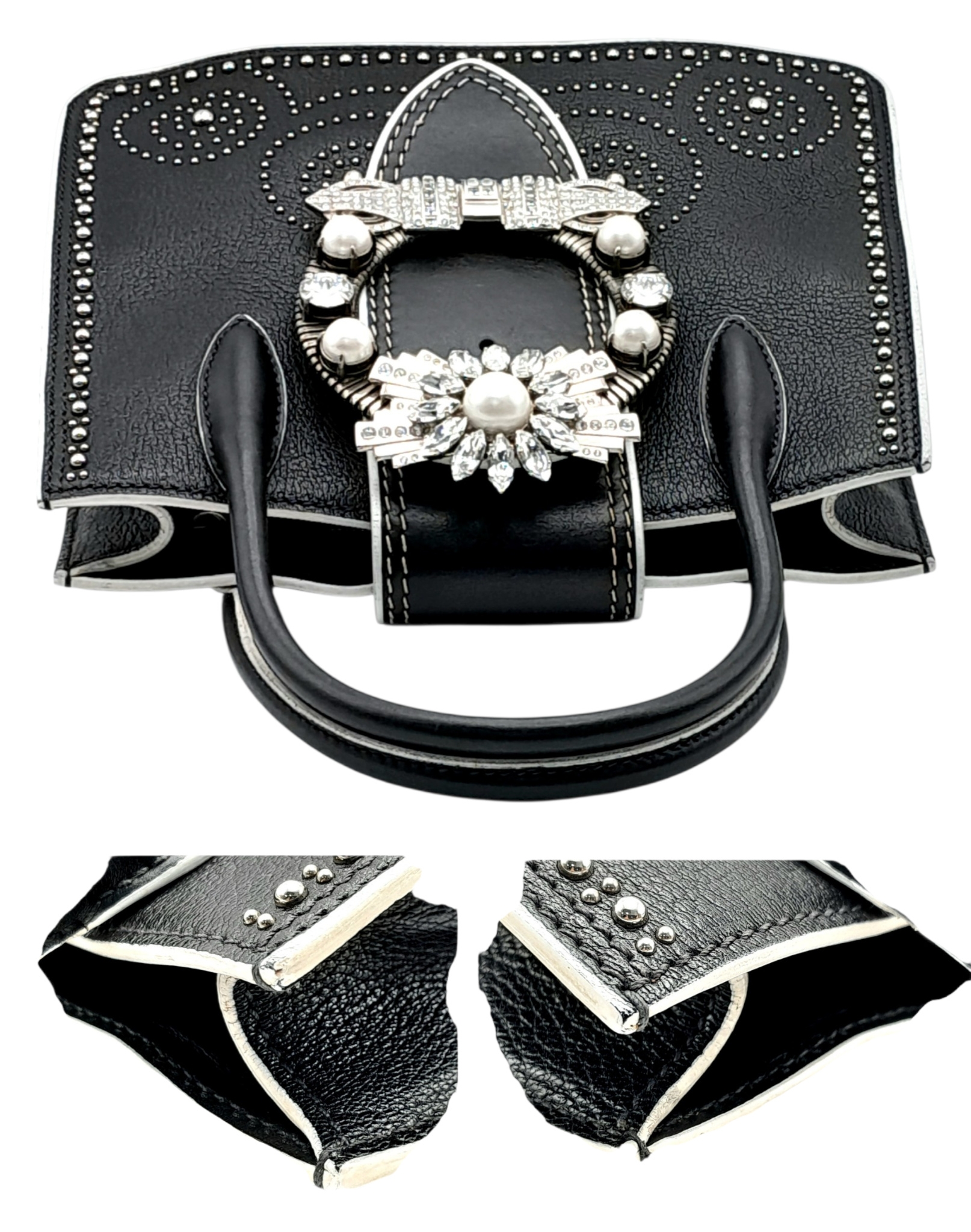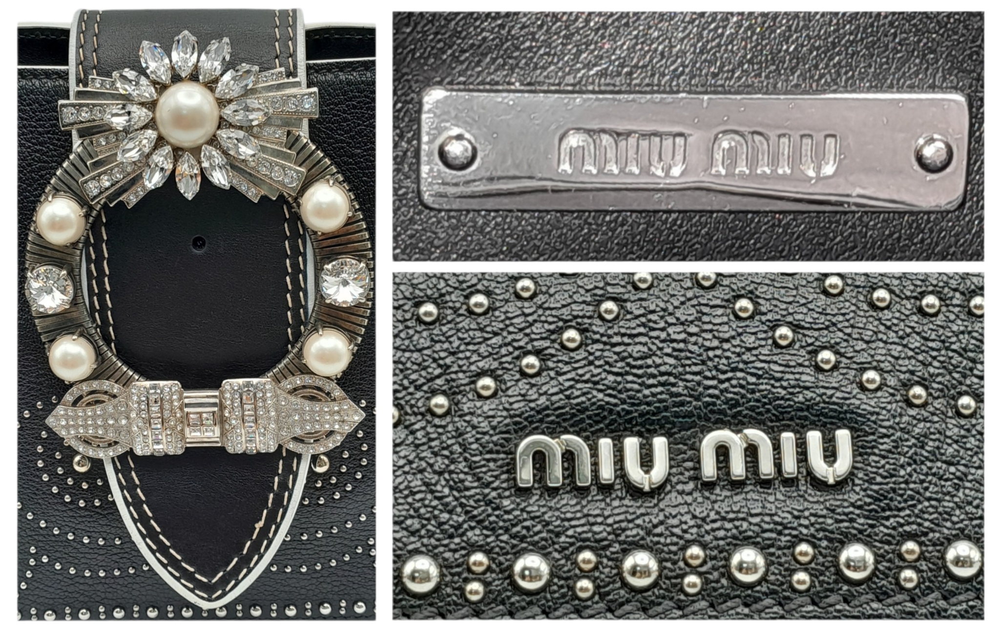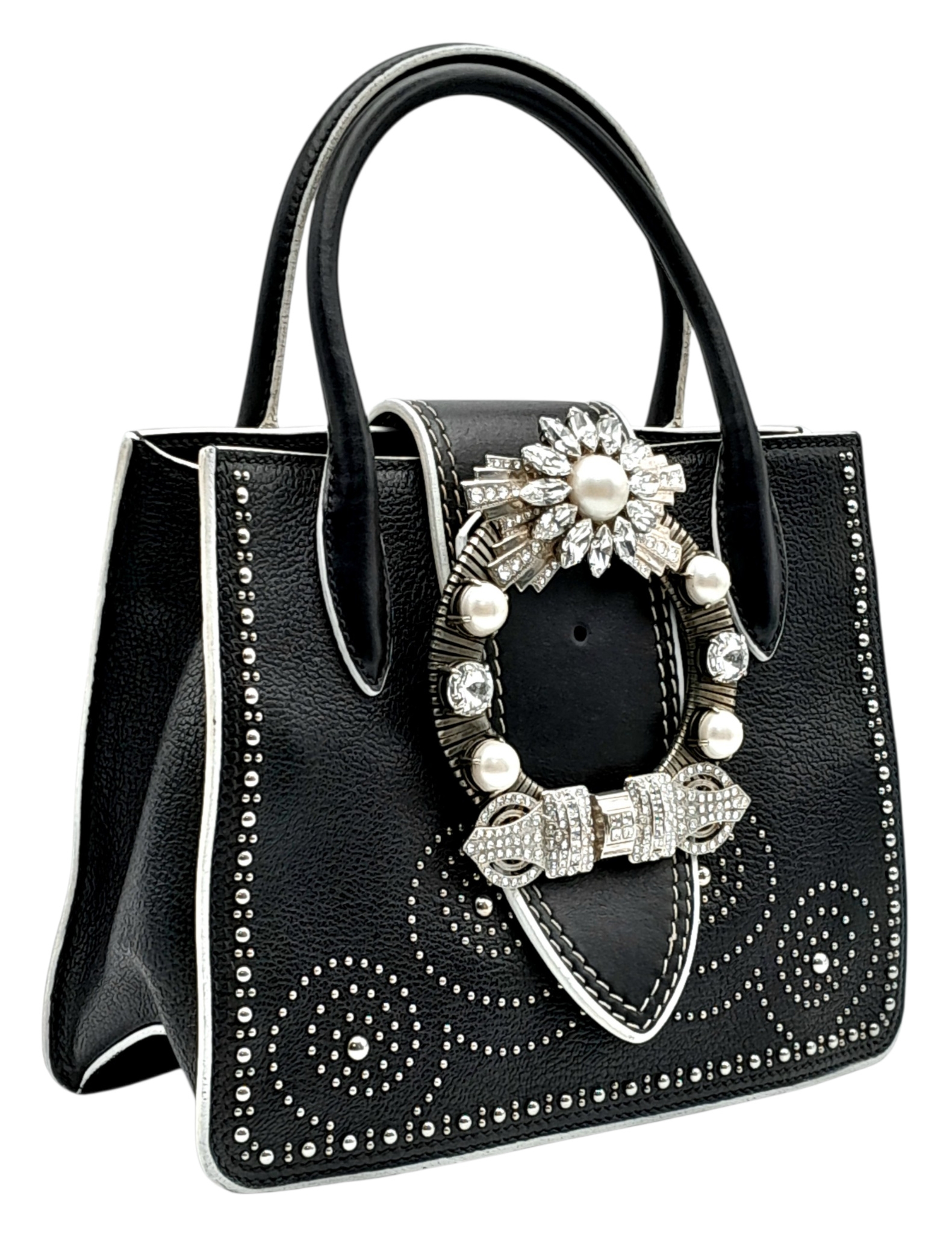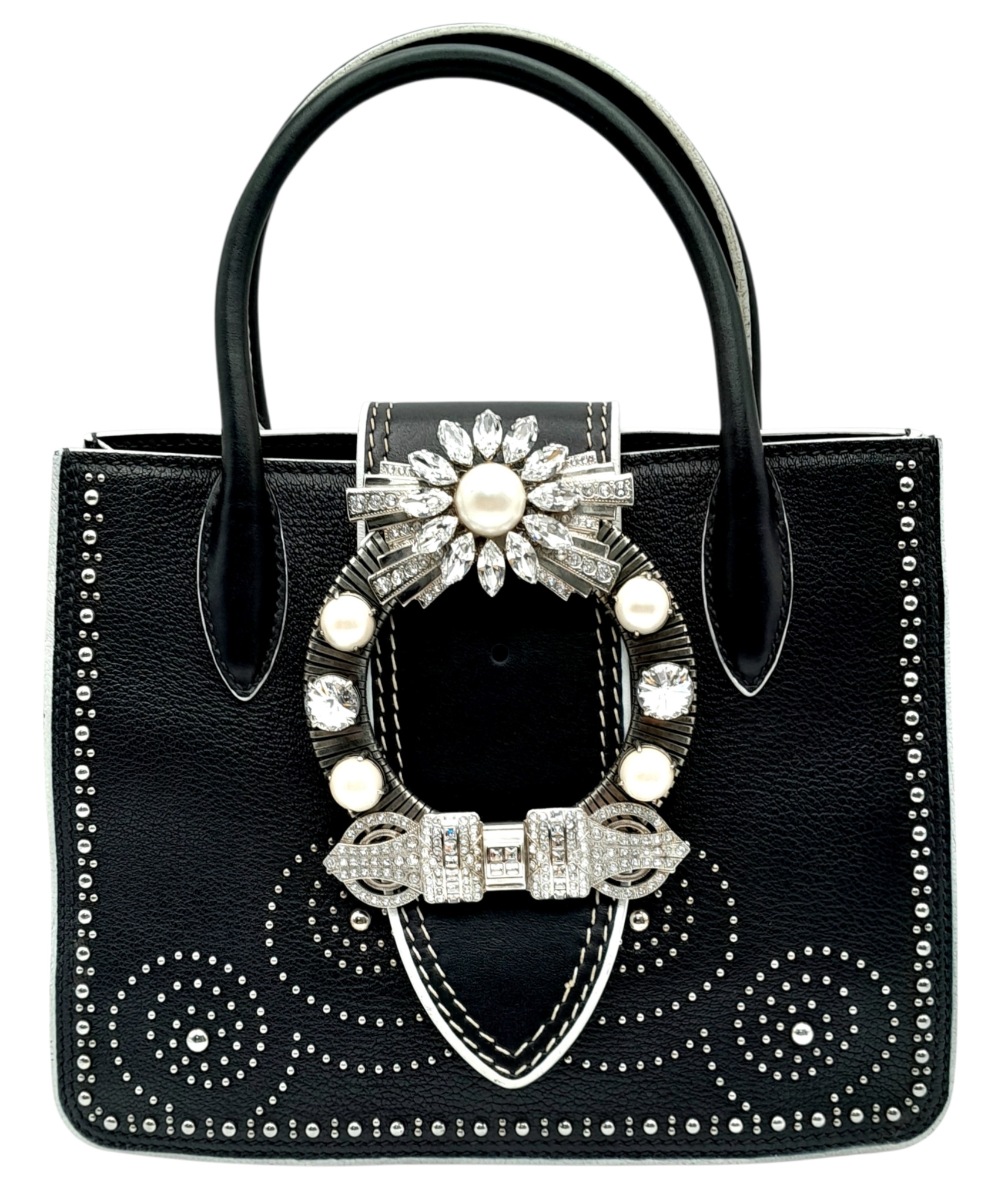 A Miu Miu Black Embellished Handbag. Leather exterior with white stone, faux pearl and stud embellishments, two rolled leather handles and magnetic closure. Black textile interior with a zipped side pocket and an open pocket. Comes with dust cover and detachable chain strap. Approximately 25cm length x 19cm height. Some light wear to the corners, otherwise in good condition overall. Please see photos for conditions or request a condition report. Ref: 13326
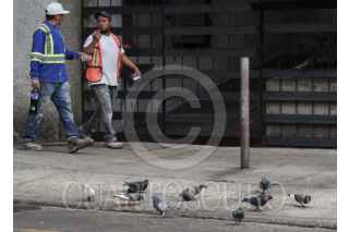 CIUDAD DE MÉXICO, 30MARZO2026.- Palomas se alimentan en una zona donde vecinos les han dejado semillas, en calles de la colonia Condesa, mientras al fondo un par de trabajadores conversan. FOTO: CAMILA AYALA BENABIB / CUARTOSCURO.COM
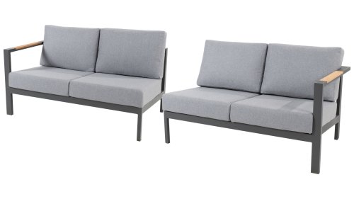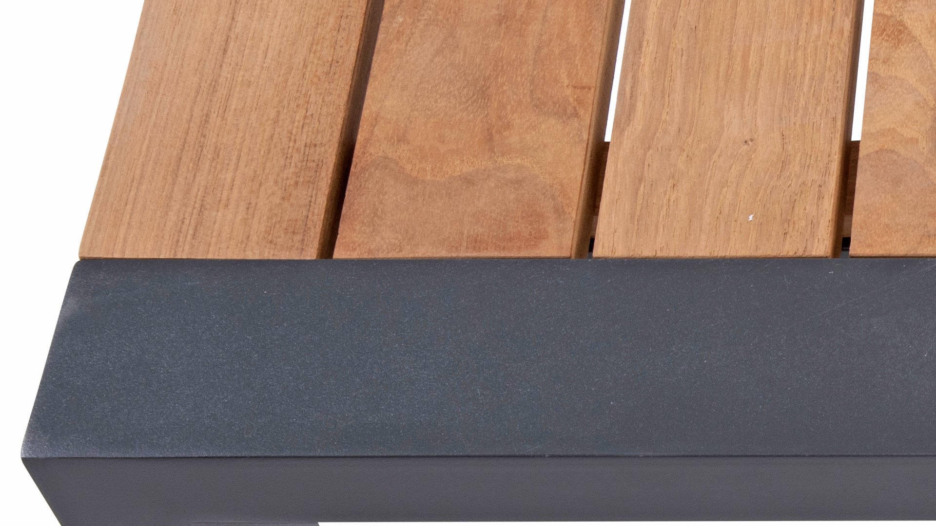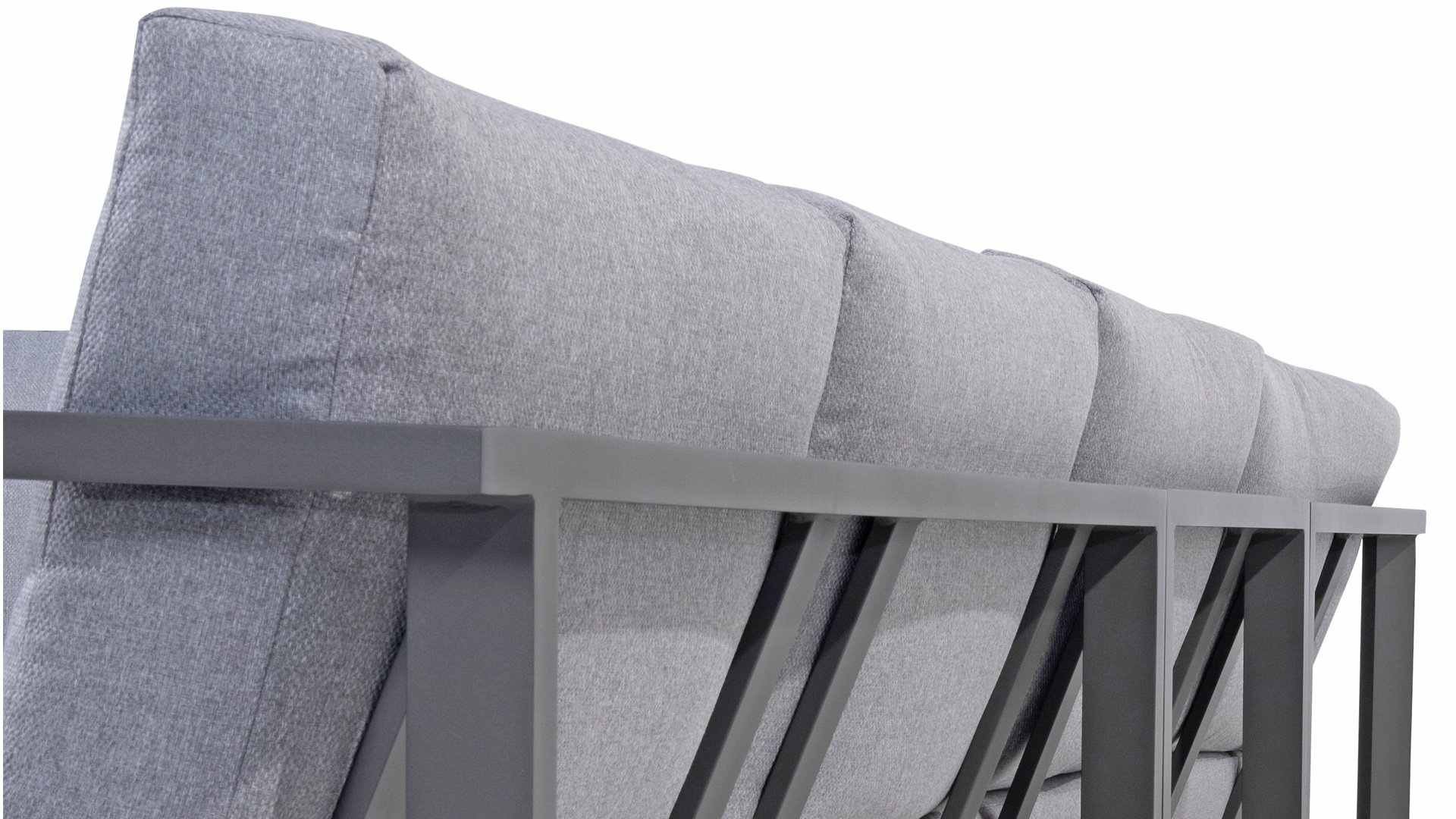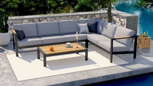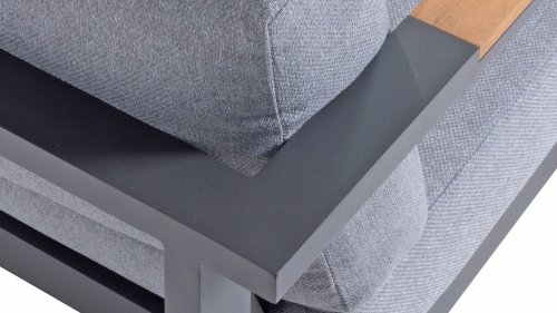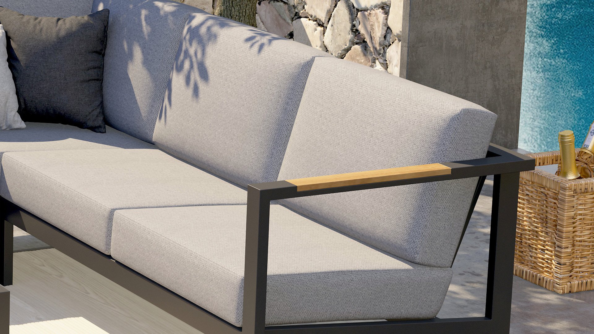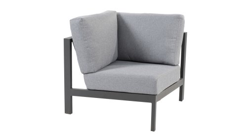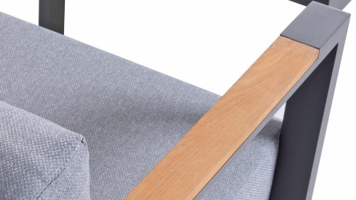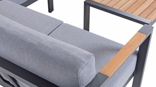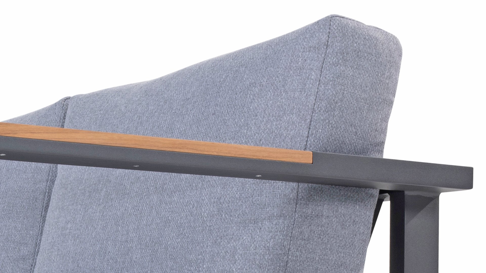 Taste Outdoor Ginger Eck-Loungegruppe ist eine sehr bequeme und robuste gestylten Lounge mit modernem Design. Ein entspanntes Set, um ganz in Ruhe mit einem guten Buch oder der aktuellsten Zeitschrift zu relaxen. Taste Ginger ist in neutralen Farbtönen ausgeführt und passt daher in fast jedem Garten. Der Rahmen ist aus hochwertigem Anthrazit pulverbeschichtetem Aluminium und abgefertigt mit wetterfest Teak Holzerner Armlehnen. Die hell graue Kissen sind extra dick und einladend. Der Stoff ist wetterbeständig und hat ein robustes Aussehen. Unter den Sitzkissen befindet sich eine Textileen-Bespannung zur Erhöhung des Sitzkomforts.
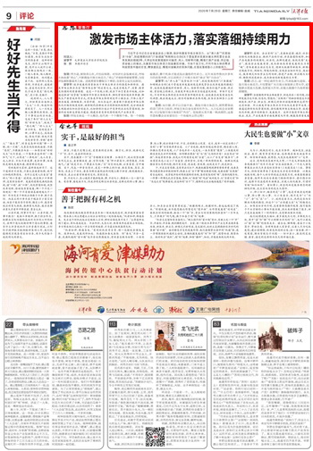 习近平总书记在企业家座谈会上强调,保护和激发市场主体活力。从“津八条”“民营经济19条”,到疫情期间的“27条措施”和刚刚出台的《关于营造更好发展环境支持民营企业改革发展的措施》等,天津这些政策措施针对融资、用人、创新等问题,精准打通产业链、供应链、资金链上的堵点,为激发市场主体活力创造最优环境。市场千变万化,不同市场主体的需求和经营条件随时在变,需快速反应、精准对接解决好具体问题,在落实落细落小上持续用力。
──────────────────────────────
» EXERCISE GOAL
Print the data above exactly; drop every picture.

» ANSWER BELOW
 A Miu Miu Black Embellished Handbag. Leather exterior with white stone, faux pearl and stud embellishments, two rolled leather handles and magnetic closure. Black textile interior with a zipped side pocket and an open pocket. Comes with dust cover and detachable chain strap. Approximately 25cm length x 19cm height. Some light wear to the corners, otherwise in good condition overall. Please see photos for conditions or request a condition report. Ref: 13326
 CIUDAD DE MÉXICO, 30MARZO2026.- Palomas se alimentan en una zona donde vecinos les han dejado semillas, en calles de la colonia Condesa, mientras al fondo un par de trabajadores conversan. FOTO: CAMILA AYALA BENABIB / CUARTOSCURO.COM
 Taste Outdoor Ginger Eck-Loungegruppe ist eine sehr bequeme und robuste gestylten Lounge mit modernem Design. Ein entspanntes Set, um ganz in Ruhe mit einem guten Buch oder der aktuellsten Zeitschrift zu relaxen. Taste Ginger ist in neutralen Farbtönen ausgeführt und passt daher in fast jedem Garten. Der Rahmen ist aus hochwertigem Anthrazit pulverbeschichtetem Aluminium und abgefertigt mit wetterfest Teak Holzerner Armlehnen. Die hell graue Kissen sind extra dick und einladend. Der Stoff ist wetterbeständig und hat ein robustes Aussehen. Unter den Sitzkissen befindet sich eine Textileen-Bespannung zur Erhöhung des Sitzkomforts.
 习近平总书记在企业家座谈会上强调,保护和激发市场主体活力。从“津八条”“民营经济19条”,到疫情期间的“27条措施”和刚刚出台的《关于营造更好发展环境支持民营企业改革发展的措施》等,天津这些政策措施针对融资、用人、创新等问题,精准打通产业链、供应链、资金链上的堵点,为激发市场主体活力创造最优环境。市场千变万化,不同市场主体的需求和经营条件随时在变,需快速反应、精准对接解决好具体问题,在落实落细落小上持续用力。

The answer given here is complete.